[Start of section]

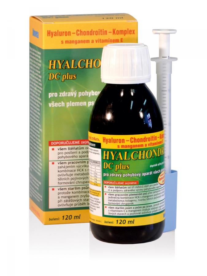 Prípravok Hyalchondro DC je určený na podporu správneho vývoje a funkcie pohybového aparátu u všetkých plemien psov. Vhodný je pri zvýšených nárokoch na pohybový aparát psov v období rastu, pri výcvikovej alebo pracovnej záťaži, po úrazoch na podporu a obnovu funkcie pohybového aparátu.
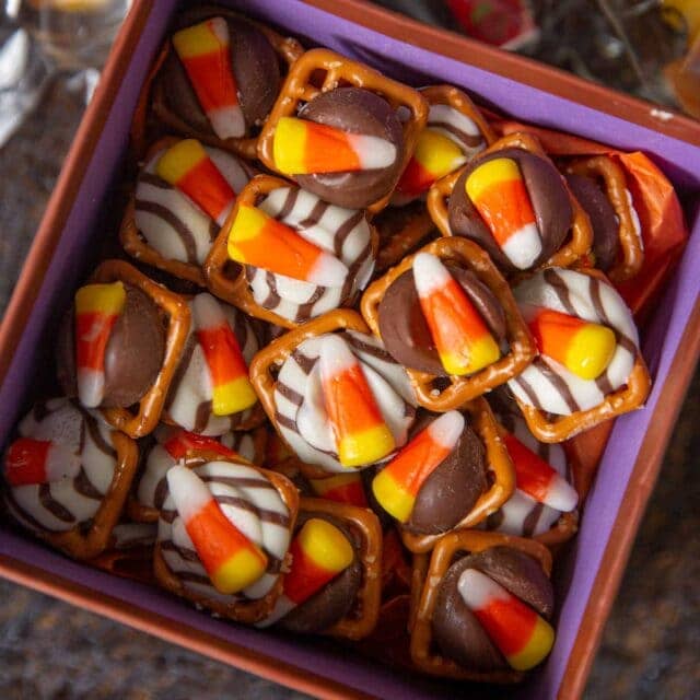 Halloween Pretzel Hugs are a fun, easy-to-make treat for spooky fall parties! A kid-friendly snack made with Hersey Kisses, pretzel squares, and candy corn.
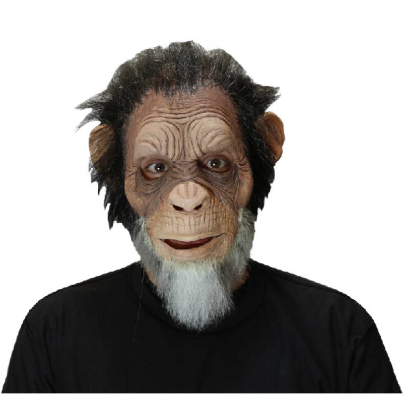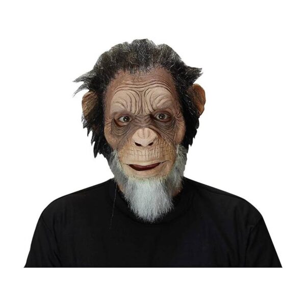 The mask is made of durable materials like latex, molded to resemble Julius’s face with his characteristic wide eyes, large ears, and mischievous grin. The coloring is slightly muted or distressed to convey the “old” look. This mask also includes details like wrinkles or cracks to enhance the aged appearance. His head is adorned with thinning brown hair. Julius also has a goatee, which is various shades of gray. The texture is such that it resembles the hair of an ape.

[End of section]
[Start of section]

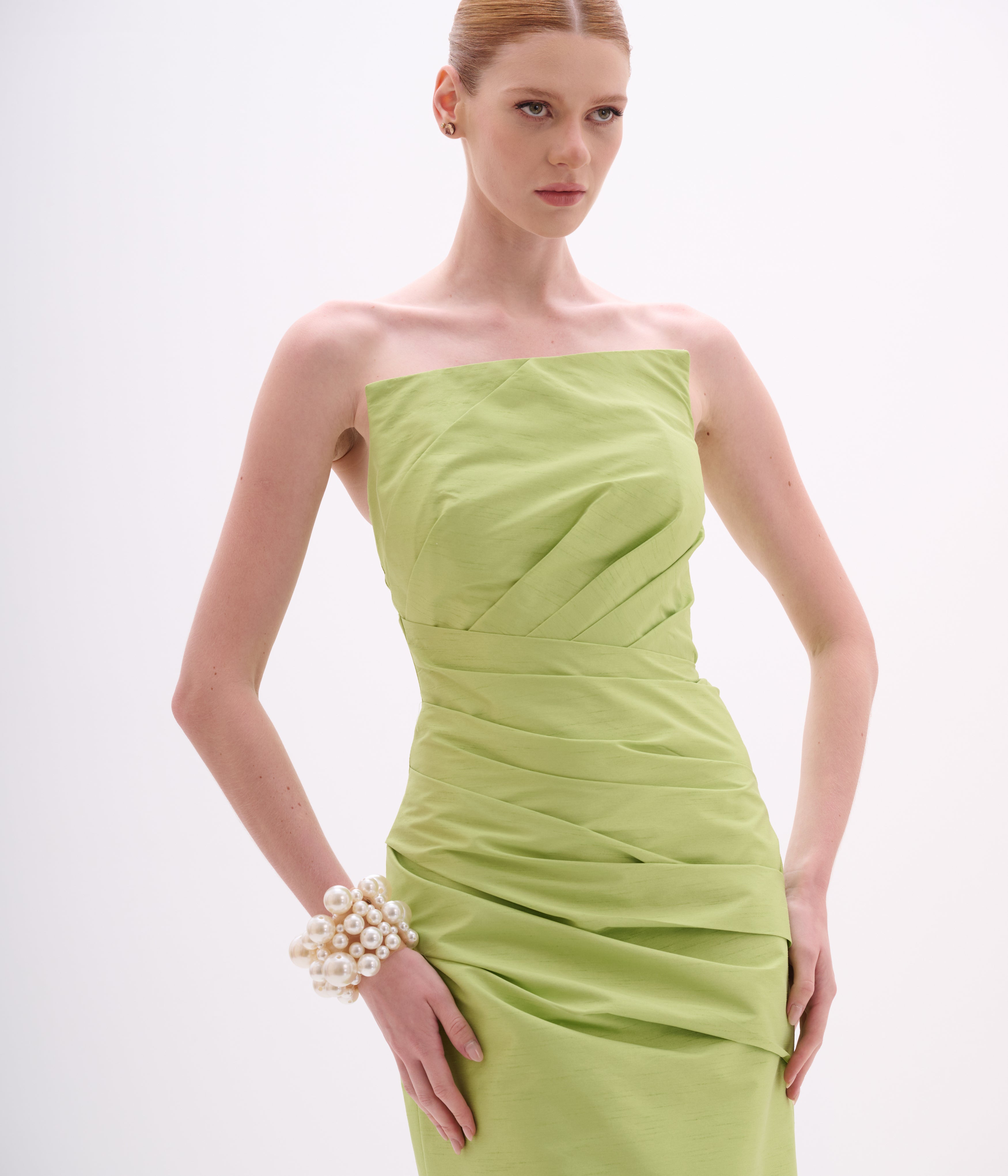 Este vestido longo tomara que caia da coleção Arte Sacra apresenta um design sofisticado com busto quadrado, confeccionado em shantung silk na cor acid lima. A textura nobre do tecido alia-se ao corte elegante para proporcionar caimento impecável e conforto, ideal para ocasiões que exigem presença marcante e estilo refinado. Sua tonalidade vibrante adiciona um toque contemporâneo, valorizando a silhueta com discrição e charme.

[End of section]
[Start of section]

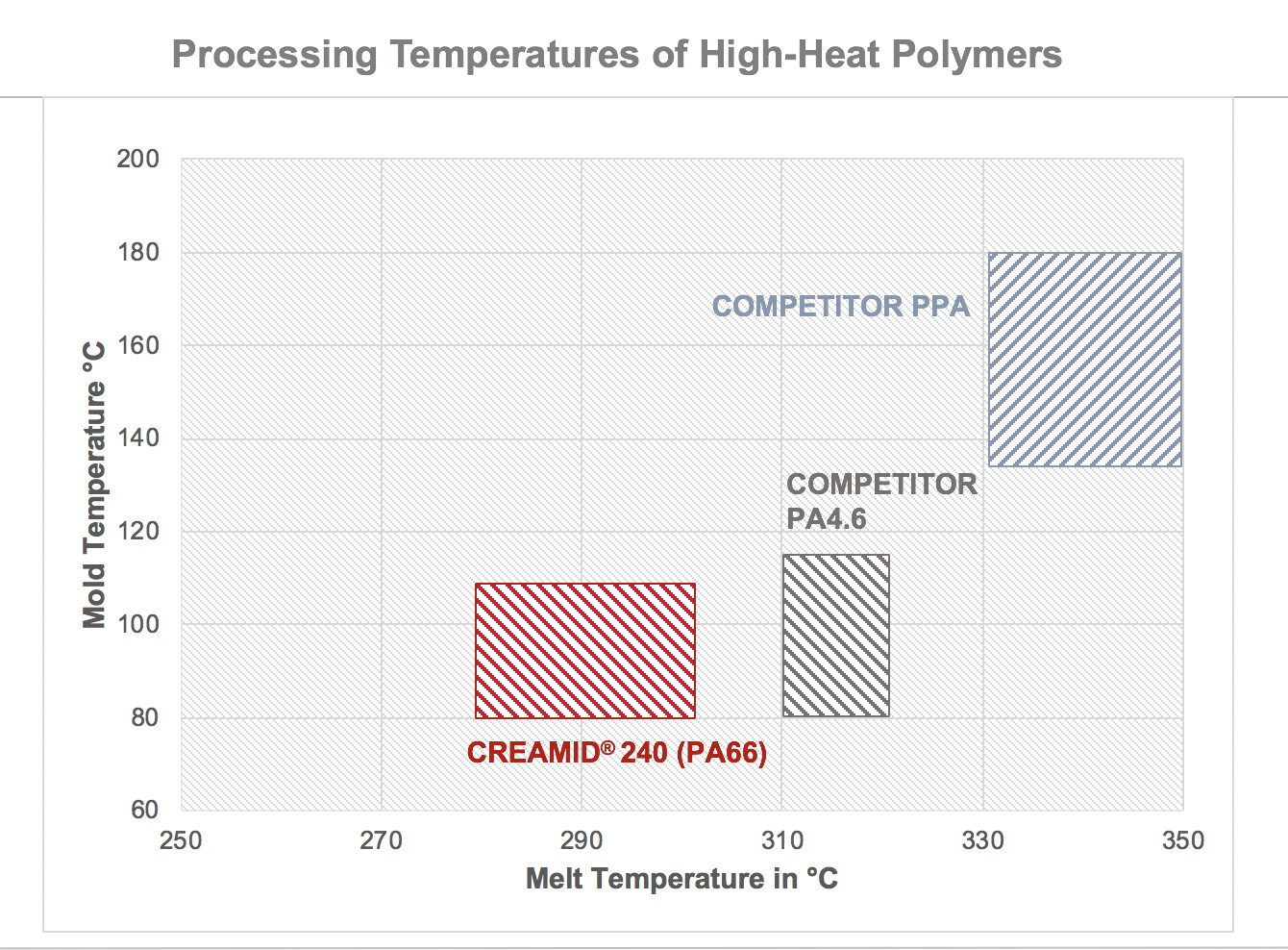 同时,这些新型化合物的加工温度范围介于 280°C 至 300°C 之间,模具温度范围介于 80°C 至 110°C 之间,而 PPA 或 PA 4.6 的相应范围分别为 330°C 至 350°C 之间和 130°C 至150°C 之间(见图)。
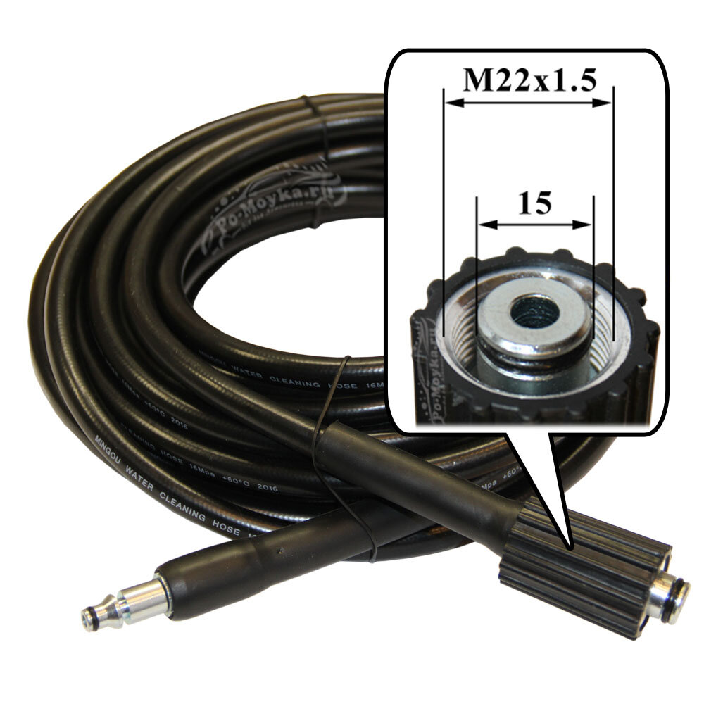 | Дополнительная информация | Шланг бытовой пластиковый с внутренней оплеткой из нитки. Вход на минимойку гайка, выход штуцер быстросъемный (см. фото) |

[End of section]

Using the data above, return the lines from the one holding "同时,这些新型化合物的加工温度范围介于 280°C 至" through the one holding "(см. фото) |" exactly, but not the pictures.

 同时,这些新型化合物的加工温度范围介于 280°C 至 300°C 之间,模具温度范围介于 80°C 至 110°C 之间,而 PPA 或 PA 4.6 的相应范围分别为 330°C 至 350°C 之间和 130°C 至150°C 之间(见图)。
 | Дополнительная информация | Шланг бытовой пластиковый с внутренней оплеткой из нитки. Вход на минимойку гайка, выход штуцер быстросъемный (см. фото) |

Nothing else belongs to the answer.